ECONOMICS: the AUSTRIAN SCHOOL and KEYNES (1 of 2)
Austrian School of Economics | John Maynard Keynes
Carl Menger. He introduced into pricing theory the public
acting other than with logic. (Wikipedia Commons)
Carl Menger (1840-1921) addressed the diamond-water paradox that had been puzzling classical economists: the fact that humanity finds diamonds more valuable than water although water is far more important. Like Schopenhauer, Menger concluded that people followed impulses more than reason. Menger focused on the uncertainties in human behavior. He asserted that complete knowledge of what is going to happen economically does not exist and that decisions based on expectations of what will happen involve risk. Producers take a risk because they cannot predict with certainty that what they receive in sales will be greater than their production costs. As obvious as this is to people today, it was not the economic model that was standard before Menger. With Menger began what became known as the Austrian School of Economics. It was for entrepreneurs, believed Menger, to collect and evaluate information as best they could and to take calculated risks – a view that more than a century later would appear as common sense.

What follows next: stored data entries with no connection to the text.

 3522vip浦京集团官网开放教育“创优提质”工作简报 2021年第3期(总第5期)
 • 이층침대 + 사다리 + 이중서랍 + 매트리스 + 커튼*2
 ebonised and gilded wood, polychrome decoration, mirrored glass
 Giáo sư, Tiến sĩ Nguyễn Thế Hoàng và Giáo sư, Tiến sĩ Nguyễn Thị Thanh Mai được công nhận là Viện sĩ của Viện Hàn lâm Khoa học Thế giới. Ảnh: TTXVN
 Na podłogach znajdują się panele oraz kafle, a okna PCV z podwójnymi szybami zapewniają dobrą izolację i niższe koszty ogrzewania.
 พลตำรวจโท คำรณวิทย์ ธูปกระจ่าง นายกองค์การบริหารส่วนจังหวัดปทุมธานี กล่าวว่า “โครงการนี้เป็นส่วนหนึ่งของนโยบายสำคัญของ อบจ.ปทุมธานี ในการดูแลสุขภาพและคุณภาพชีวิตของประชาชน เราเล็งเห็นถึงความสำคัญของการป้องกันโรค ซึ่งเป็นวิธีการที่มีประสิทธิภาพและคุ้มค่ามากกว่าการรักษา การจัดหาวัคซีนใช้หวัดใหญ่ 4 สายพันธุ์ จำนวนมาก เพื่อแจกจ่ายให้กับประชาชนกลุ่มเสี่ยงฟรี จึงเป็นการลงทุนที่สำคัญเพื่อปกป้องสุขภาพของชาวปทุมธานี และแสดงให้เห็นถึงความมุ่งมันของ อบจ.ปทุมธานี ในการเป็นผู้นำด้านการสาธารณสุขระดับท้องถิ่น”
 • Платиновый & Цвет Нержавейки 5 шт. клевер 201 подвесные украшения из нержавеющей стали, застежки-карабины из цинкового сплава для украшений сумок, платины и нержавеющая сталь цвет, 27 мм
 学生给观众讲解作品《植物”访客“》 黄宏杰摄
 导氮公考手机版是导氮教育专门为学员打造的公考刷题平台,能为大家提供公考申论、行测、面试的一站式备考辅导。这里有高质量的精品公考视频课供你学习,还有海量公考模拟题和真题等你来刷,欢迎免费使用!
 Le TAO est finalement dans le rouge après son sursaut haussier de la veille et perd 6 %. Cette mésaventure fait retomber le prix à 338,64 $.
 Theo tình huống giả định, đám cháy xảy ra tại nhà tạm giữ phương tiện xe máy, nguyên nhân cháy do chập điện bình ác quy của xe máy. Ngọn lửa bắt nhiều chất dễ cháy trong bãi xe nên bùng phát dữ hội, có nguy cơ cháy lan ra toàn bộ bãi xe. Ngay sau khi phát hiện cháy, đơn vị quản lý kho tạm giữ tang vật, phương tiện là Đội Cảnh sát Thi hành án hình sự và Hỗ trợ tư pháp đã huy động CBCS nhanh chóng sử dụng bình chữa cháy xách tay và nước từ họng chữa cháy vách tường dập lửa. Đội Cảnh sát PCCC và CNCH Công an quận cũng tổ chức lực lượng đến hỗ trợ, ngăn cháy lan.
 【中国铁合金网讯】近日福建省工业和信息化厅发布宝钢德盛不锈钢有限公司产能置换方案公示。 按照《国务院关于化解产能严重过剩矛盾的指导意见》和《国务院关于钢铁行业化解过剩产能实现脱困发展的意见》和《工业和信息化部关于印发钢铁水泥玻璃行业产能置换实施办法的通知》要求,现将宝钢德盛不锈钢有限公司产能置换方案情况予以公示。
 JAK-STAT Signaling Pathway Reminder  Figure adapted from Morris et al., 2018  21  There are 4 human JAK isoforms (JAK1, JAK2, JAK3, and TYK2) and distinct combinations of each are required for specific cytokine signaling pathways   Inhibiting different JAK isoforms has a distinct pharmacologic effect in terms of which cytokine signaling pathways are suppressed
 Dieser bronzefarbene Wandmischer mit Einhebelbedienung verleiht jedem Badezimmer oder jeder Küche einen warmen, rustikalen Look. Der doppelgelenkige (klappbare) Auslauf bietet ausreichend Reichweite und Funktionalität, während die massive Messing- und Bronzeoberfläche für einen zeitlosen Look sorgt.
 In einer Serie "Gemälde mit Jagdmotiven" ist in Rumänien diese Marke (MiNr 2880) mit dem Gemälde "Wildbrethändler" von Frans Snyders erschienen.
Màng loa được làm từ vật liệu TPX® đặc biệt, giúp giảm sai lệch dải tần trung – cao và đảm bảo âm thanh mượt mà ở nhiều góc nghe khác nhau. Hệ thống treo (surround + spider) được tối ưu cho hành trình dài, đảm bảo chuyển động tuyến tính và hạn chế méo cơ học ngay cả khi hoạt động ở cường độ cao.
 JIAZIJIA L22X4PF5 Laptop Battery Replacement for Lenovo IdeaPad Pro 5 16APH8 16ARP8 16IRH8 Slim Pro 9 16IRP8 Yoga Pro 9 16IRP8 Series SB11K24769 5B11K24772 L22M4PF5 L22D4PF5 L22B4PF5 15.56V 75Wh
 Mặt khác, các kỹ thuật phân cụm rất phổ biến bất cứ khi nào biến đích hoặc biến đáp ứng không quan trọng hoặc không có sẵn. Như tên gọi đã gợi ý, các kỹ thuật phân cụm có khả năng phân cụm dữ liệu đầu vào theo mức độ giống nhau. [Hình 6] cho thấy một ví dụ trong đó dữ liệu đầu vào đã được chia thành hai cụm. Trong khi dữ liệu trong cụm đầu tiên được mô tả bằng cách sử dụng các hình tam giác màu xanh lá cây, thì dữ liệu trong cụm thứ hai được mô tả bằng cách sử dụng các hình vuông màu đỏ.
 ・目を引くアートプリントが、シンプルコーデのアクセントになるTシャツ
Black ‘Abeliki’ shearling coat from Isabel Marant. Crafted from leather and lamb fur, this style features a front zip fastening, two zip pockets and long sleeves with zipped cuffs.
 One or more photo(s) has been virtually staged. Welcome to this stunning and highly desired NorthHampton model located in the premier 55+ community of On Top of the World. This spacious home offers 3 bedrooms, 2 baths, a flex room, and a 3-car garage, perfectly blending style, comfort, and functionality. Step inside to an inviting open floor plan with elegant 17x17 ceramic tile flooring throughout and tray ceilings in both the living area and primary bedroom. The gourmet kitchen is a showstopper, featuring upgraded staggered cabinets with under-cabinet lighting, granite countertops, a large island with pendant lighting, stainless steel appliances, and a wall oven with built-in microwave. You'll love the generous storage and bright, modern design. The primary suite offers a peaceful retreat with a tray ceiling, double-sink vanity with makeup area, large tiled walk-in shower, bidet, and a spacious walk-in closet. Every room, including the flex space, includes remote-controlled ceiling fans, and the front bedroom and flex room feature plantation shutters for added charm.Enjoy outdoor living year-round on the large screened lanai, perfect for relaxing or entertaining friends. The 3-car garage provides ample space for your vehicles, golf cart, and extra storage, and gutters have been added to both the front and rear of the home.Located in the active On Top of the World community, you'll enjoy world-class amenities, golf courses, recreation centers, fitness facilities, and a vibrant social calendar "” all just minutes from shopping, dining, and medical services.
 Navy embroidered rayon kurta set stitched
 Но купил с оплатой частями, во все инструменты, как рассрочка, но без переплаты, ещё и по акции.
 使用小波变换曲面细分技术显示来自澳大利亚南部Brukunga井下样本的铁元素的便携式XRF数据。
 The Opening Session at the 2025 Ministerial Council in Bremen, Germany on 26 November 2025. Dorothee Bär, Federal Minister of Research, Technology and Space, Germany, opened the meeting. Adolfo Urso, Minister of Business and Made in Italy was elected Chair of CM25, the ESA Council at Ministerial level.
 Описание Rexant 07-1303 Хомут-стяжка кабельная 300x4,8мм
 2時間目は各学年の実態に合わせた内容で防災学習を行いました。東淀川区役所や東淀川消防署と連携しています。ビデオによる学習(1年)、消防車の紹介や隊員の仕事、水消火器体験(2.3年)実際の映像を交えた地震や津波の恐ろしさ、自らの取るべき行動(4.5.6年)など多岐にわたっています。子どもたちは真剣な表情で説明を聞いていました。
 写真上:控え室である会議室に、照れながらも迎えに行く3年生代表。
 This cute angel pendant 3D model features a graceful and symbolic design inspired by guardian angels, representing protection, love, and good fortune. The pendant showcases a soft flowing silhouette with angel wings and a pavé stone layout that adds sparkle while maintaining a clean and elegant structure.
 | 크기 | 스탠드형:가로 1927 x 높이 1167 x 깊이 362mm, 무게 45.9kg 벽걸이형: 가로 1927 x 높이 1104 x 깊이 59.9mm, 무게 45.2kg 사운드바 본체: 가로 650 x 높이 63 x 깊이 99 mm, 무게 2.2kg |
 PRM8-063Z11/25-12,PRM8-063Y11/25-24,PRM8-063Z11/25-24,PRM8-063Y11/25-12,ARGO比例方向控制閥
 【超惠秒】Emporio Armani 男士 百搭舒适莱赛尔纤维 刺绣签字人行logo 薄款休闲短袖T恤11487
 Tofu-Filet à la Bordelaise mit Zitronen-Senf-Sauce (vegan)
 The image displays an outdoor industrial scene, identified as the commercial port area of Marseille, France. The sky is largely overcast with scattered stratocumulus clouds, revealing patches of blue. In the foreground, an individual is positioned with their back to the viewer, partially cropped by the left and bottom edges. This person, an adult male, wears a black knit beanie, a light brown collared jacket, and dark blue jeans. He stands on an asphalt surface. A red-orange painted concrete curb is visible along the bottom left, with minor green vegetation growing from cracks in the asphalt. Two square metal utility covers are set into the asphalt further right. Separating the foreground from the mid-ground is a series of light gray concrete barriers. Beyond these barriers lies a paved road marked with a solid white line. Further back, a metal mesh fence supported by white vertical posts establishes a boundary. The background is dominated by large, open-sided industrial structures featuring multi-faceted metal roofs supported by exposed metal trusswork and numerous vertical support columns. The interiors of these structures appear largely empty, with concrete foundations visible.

A fellow Austrian, Eugen von Böhm-Bawerk (1851-1914), read Carl Menger's "Principles of Economics," became an adherent of his theories and wrote criticisms of Marx's economics, describing capitalists as helping rather than exploiting their employees. Böhm-Bawerk taught courses at the University of Vienna, and among his students were those who would become well-known as associates of the Austrian School of Economics: Joseph Schumpeter, Ludwig von Mises and Henryk Grossman.
Schumpeter taught at Harvard beginning in 1932 and was most influential. He described capitalism as destroying itself by its successes rather than its failures as Marx had described. Schumpeter claimed that socialistic creations would create the destruction, hampering the beneficence of the individualist entrepreneur hero. Among his students was Alan Greenspan, chairman of the US Board of Governors of the Federal Reserve, 1987-2006, who shared with Ayn Rand a belief in the individualist enterpreneur hero.
Ludwig von Mises and Friedrich von Hayek also left Europe, running from Hitler, von Mises to New York, Hayek to London. They believed that a few bureaucrats – no matter how bright – trying to constrict economic development into a plan of their making were not superior to a society-wide freedom to innovate and allocate resources, with consumers free to spend their money as they pleased.
Hayek was responding to European fascism and the Soviet Union. He claimed that government guided by majority opinion made sense only if that opinion was independent of government. Hayek believed it best to leave a free play of ideas among the masses in economic matters. People following their own innovations and doing what they see as in their interest is better, he proposed, than a few bureaucrats trying to constrict economic development into a plan of their making – no matter how bright the planners. Hayek won the Nobel Memorial Prize in Economic Sciences in 1974.